RECORDS FOR THE TASK:

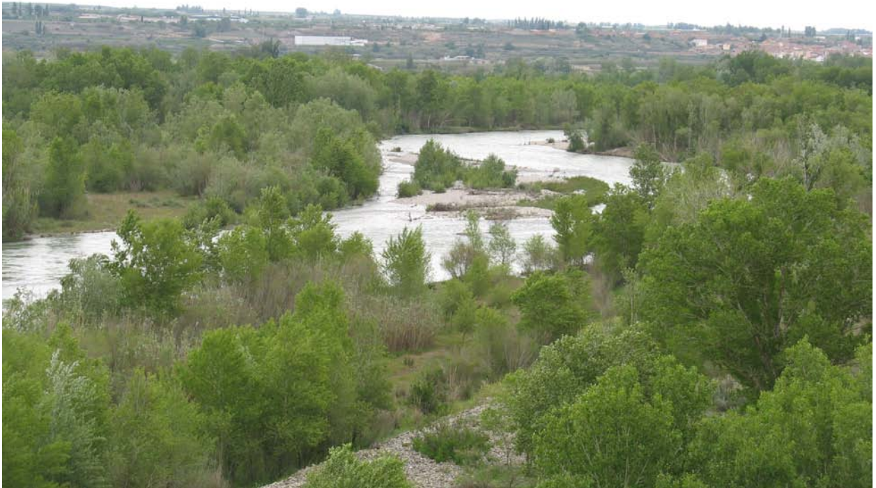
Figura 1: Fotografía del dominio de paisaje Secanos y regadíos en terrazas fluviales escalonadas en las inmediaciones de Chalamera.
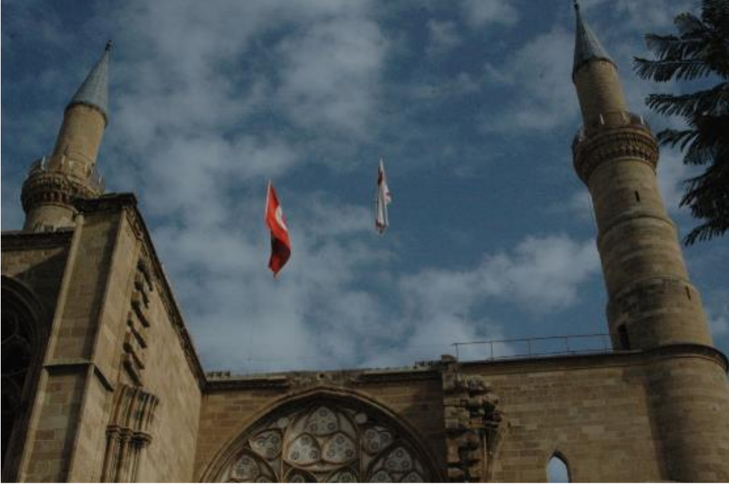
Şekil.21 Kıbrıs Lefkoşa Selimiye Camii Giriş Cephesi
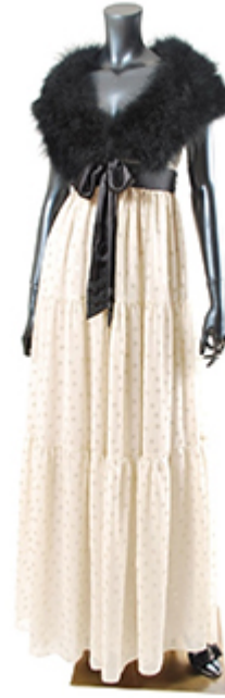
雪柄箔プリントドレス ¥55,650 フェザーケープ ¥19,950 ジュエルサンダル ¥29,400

--

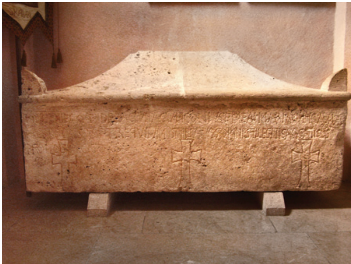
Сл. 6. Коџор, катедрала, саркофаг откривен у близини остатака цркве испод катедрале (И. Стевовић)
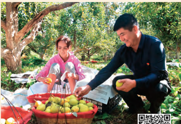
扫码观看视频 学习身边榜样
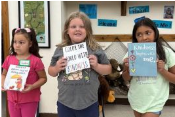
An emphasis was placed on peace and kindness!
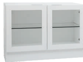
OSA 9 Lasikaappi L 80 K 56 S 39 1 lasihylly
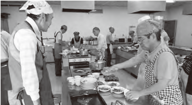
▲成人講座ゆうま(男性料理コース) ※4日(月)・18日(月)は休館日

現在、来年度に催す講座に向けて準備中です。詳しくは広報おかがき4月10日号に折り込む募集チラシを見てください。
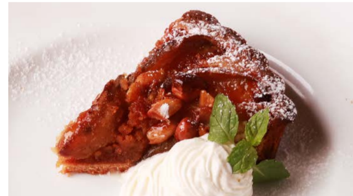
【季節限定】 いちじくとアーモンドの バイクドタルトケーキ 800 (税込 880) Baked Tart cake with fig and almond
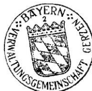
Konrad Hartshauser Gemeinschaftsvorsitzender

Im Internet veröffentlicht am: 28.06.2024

---

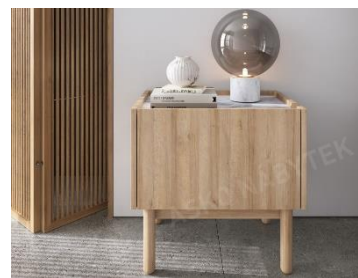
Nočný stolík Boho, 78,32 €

WHAT YOU HAVE TO DO:
Look above for the line with "Figura 1: Fotografía", then print it and each line after it down to and including the line with "雪柄箔プリントドレス ¥55,650 フェザーケープ". Leave out the pictures and keep the wording exact.

RESPONSE TO THIS TASK:
Figura 1: Fotografía del dominio de paisaje Secanos y regadíos en terrazas fluviales escalonadas en las inmediaciones de Chalamera.
Şekil.21 Kıbrıs Lefkoşa Selimiye Camii Giriş Cephesi
雪柄箔プリントドレス ¥55,650 フェザーケープ ¥19,950 ジュエルサンダル ¥29,400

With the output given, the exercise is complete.